Many new restrictions such as anti-monopoly policy, Alibaba’s ($BABA) $2.8 billion fine, and the requirement for Tencent to relinquish exclusive music licensing rights major record labels globally, has affected those companies stock prices negatively. The latest blow came from new Chinese regulations on private tutoring businesses. This new regulation does not allow those companies to go public for financing, and foreign capital could not invest in those institutions.

When Alibaba went public in the U.S., we’ve got many questions about whether Alibaba is a good stock to purchase. Although Alibaba is a great business, what we had always been concerned about is corporate governance. Most US-listed Chinese companies has gone public with the Variable Interest Entity (VIE) structure. With this structure, investors do not own a piece of the listed businesses. This structure works as follows: The Chinese companies create a Cayman Islands company, which has complex legal agreements with the Chinese companies on the mainland. What foreign investors buy are the Cayman companies. Although it is still a potential risk for investors, this structure has been existing for years and it seems everybody is okay with that.

Many investors have wondered if they would like to purchase US-listed Chinese stocks, what would be the best to purchase. Here is our quick summary of several big boys including Alibaba, Tencent ($TCEHY), Pinduoduo ($PDD), and JD ($JD), so we can choose the best ones.

  1. $PDD: 100% sales growth, unprofitable, negative EBITDA, trading at 5x forward EV/Sales.
  2. $BABA: 40% sales growth, 12.5% operating margin, trading at 3.5x forward sales and 26x forward EV/EBIT, ROC: 7% – 12%. (Past 5 yrs)
  3. $TCEH.Y: 28% sales growth, 26% operating margin, 6x EV/Sales & 20x EV/EBIT, ROC : 12%- 18%.
  4. $JD: 30% sales growth, 1.2% operating margins, 0.6x sales & 56x EBIT, ROC 4%.

By looking at these numbers, Tencent seems to be standing out. Although Tencent has the lowest growth among the three (but still 28% growth), it is the most profitable, highest operating margin and trading at the lowest EBIT multiples. Moreover, Tencent has the highest return on capital among those four companies. If investors prefer growth, Pinduoduo, with the highest sales growth, is the company which investors should look deeper into. In this post, we will look at Tencent.

We think that in a long run, Tencent would be the most sustainable business among those four companies for long-term investors. It has a full ecosystem covering e-commerce, cloud, music, gaming, and artificial intelligence. One of the most widely used super-app in China is WeChat, which is the platform for social media, payments, e-commerce, advertisement, etc.
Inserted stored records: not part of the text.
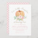 Nosso pequeno aniversário de abóbora convida com abóbora-coloração d'água, flores cor-de-rosa, xadrez rosa e texto brilhante dourado.
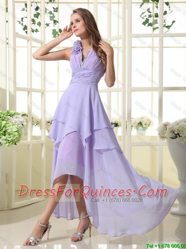 Pretty Empire V Neck Prom Dresses with High Low in Lavender
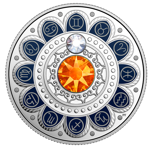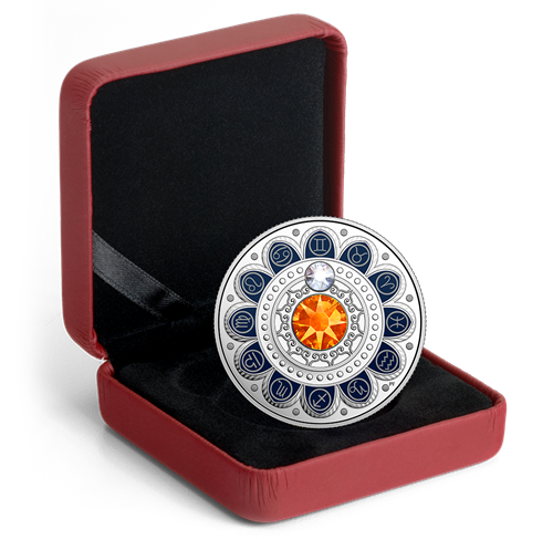 Designed by Pandora Young, your coin features an eye-catching combination of colour and engraving that resultsin a beautifully artistic rendition of the zodiac.Like the stars and planets in the sky, a clear Swarovski® crystal embellishment is in alignment with the traditional glyphof the Roman figure "II" for "2" or "twins," which is the zodiac symbol for Gemini (May 21–June 20). At the centreis a larger Swarovski® crystal embellishment; its orange colour also represents those born under the Air sign known for energy, cleverness, adaptability and wit.
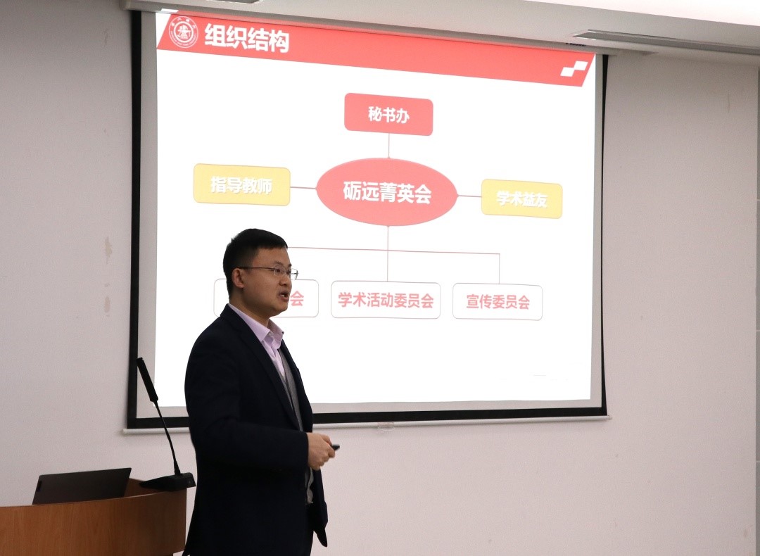李玉陽介紹了礪遠菁英會的建設(shè)背景,建設(shè)宗旨,建設(shè)目標,以及組織結(jié)構(gòu)和成長歷程,他指出,要凝聚全院博士生教育合力,培養(yǎng)博士生學術(shù)和行業(yè)領(lǐng)導力,培養(yǎng)學院博士生精英力量,建成一個富有朝氣,充滿活力的學術(shù)團體。
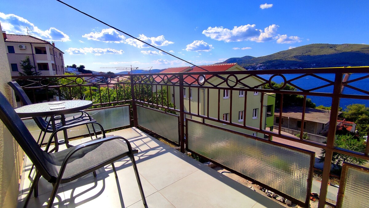 The apartment was newly built, 2021.The apartment is in a block,connected to a family house.. It has two floors with a separate entrance. Guests can use a part of the garden in front of the apartment with a table and chairs. Atractive beach with plenty things to do is 2 minutes . The apartment you can enjoy and relax, and if you want any other activity ,its near by .Trogir is a 15 minute walk and there is a boat every 10 minutes .Enjoy the sun and the Adriatic sea in an attractive location ''.
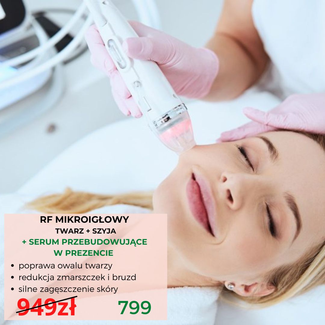 RF MIKROIGŁOWY (twarz + szyja) + SERUM PRZEBUDOWUJĄCE GRATIS 949zł 799zł
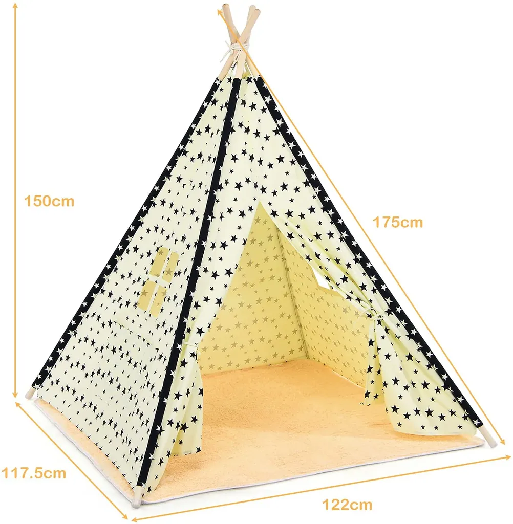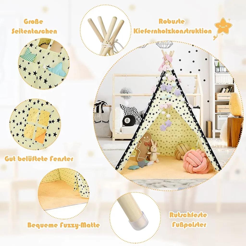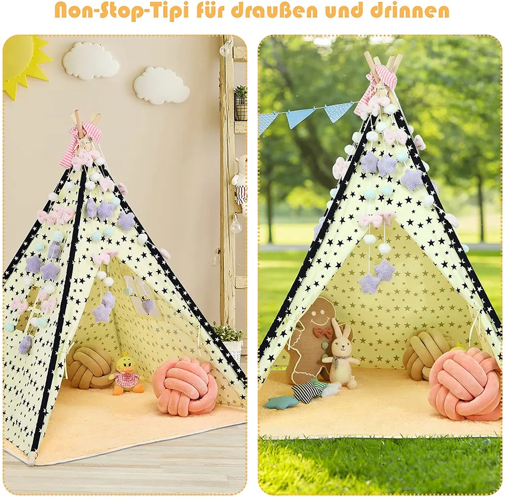 Mit diesem hübschen Spielzelt haben Kinder viel Spaß. Durch die schönen Farben und hübschen Muster wird es ihnen mit Sicherheit gefallen. Das Tipi besteht aus natürlicher Baumwolle und festem Kiefernholz für eine hohe Sicherheit. Die Stangen mit rutschfesten Untersetzern sind fest miteinander verbunden, somit können Kinder bedenkenlos darin spielen. Zudem ist die große, weiche Bodenmatte ideal zum Schlafen und Lesen. Durch das geräumige Innere können auch mehrere Kinder miteinander spielen. So werden unvergessliche Kindheitserinnerungen geschaffen.
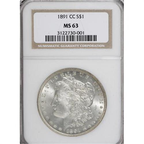 <B>1891-CC $1 MS63 NGC.</B></I> Frosty and brilliant with radiant silver luster and sharp design elements on both sides. Only the usual tiny grade-consistent marks are present.<BR><BR><B>Coin Engraver:</B> George T. Morgan<BR><BR><b>Shipping:</b> Coins & Currency (<a target="_blank" href="http://www.heritageauctions.com/common/shipping.php">view shipping information</a>)
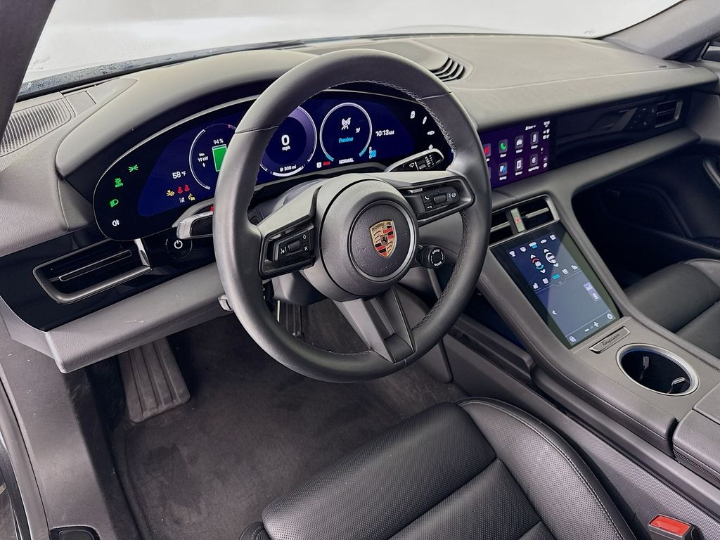 2025 Porsche Taycan in Volcano Grey Metallic with Interior in Black. Under Porsche Approved Certified Pre-Owned Warranty for 2 Years and Unlimited Miles from Expiration of Porsche New Vehicle Warranty. New Vehicle Warranty Start Date is 8/30/2024. Premium Package: Comfort Seats (14-way) with Comfort Memory, Ventilated Seats (front), Storage Package, BOSE Surround Sound, Head-Up Display, Soft Close Doors, Air Quality System, Surround View with Active Parking Support, and Adaptive Cruise Control. Also with: Exterior Mirrors in Exterior Color, Window Trim in High Gloss Black, Performance Battery Plus, 20'' Sport Aero Wheels, Door-Sill Guards in Black Brushed Aluminum - Illuminated, HD-Matrix Design LED Headlights, and Under Door Puddle Light Projectors. Available at Porsche Grapevine 1280 Texan Trail Grapevine TX 76051.
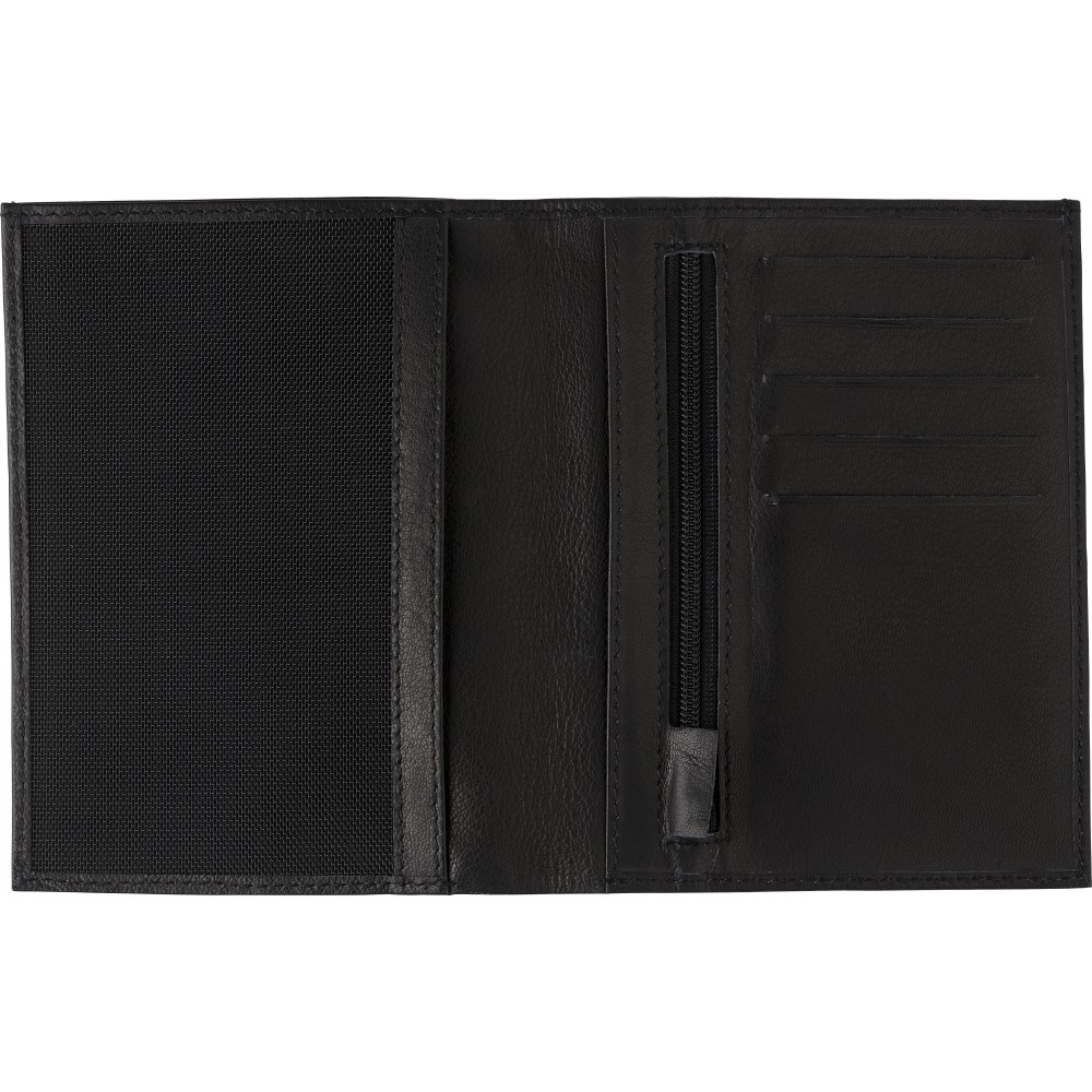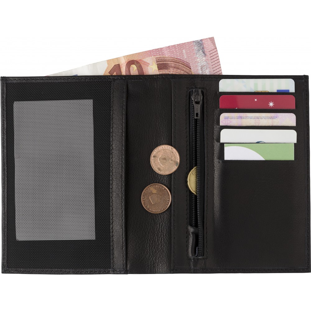 Hasított bőr kártyatartó RFID védelemmel az adatlopás ellen, cipzáros érmetartóval és több zsebbel a papírpénz és kártyák számára.
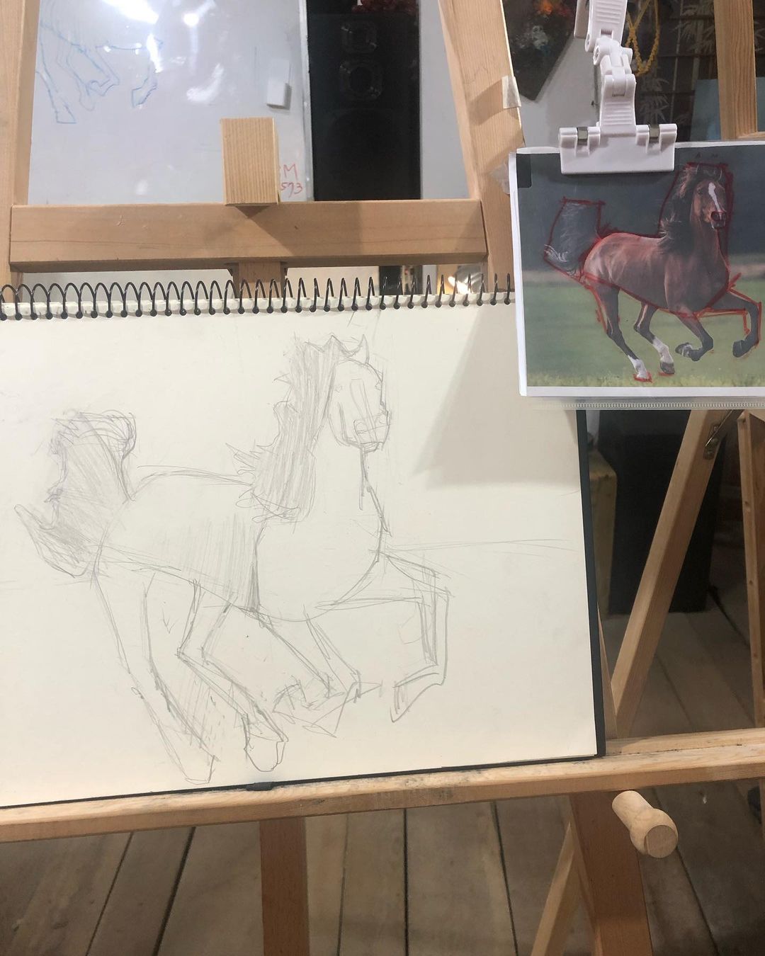 老師提醒,一開始的切線可以越簡單越好,先不要注意細節,而是找到各種不同的大部位,像是把馬肢解一樣,用切線找出牠的軀幹。
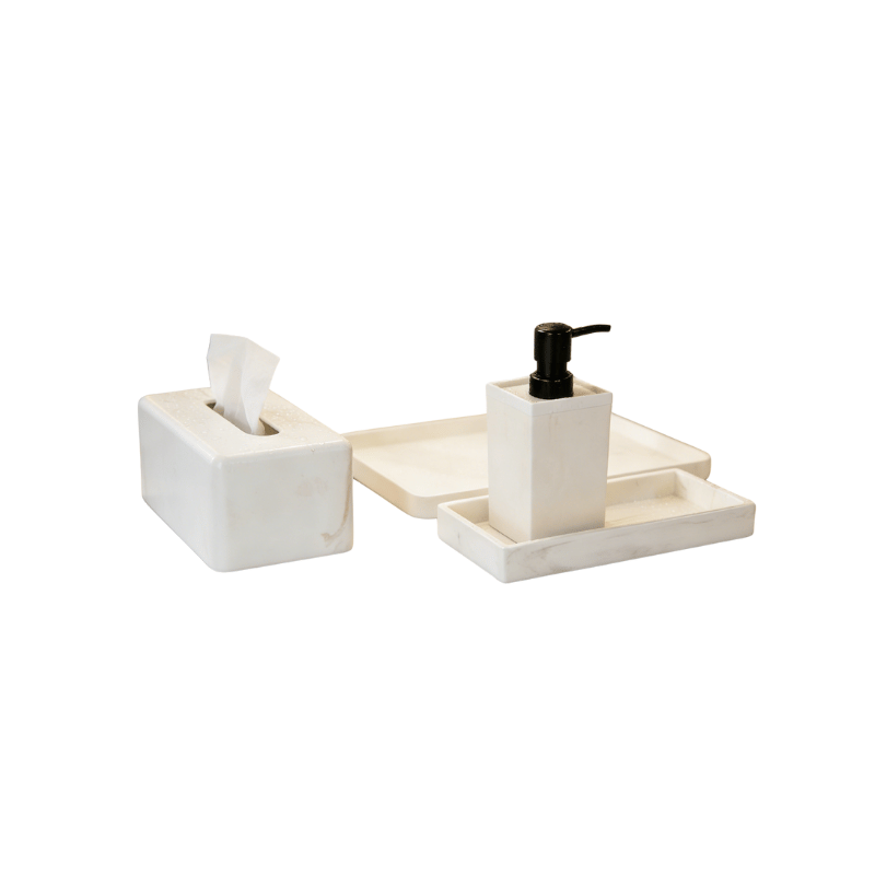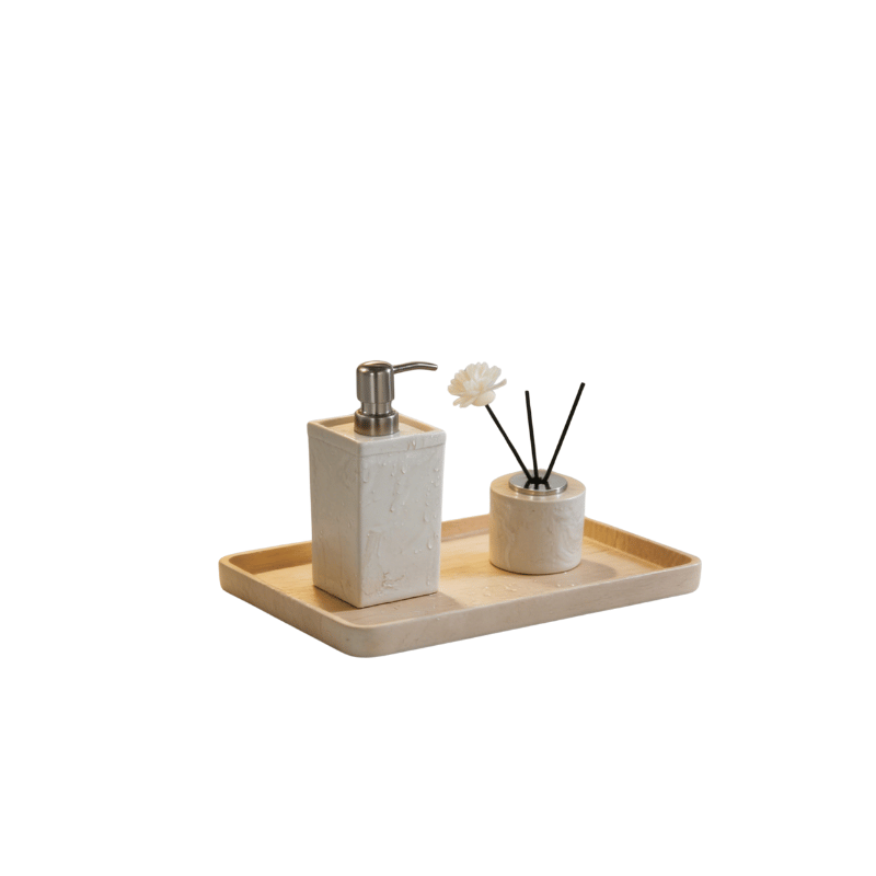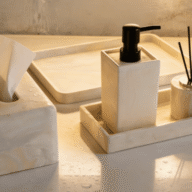 Premium BMC accessories for hotels and homes, including lotion bottles, soap dishes, trays, toothbrush holders, cotton boxes, and more.

Chinese consumers do everything daily on Wechat, including talking/chatting with other people, reading the news, shopping, working, paying, and sending/receiving payments.

 

Moreover, the company invests in many platforms of the future, including cloud, AI, blockchain, 5G, quantum computing… to gradually build up its Metaverse.

 

Here is an interesting Tencent’s Metaverse picture:

Source: NASDAQ

 

At the beginning of last year, the company announced that there were around 800 companies in Tencent’s investment portfolio. Around 70 of these were already listed, while more than 160 are unicorns. Previously, the company’s investment activities focus on content, video games, and new technology. In the future, it would pay more attention to smart retail and its payment platform, developing its own mini-app ecosystem in its Wechat super-app.

 

Basically, we view Tencent to become one of the biggest and most successful venture capital nowadays. Furthermore, its investment activities support its own Metaverse, creating great synergies and possible collaborations among those companies.

 

Let’s do rough projections and valuation for Tencent to 2025.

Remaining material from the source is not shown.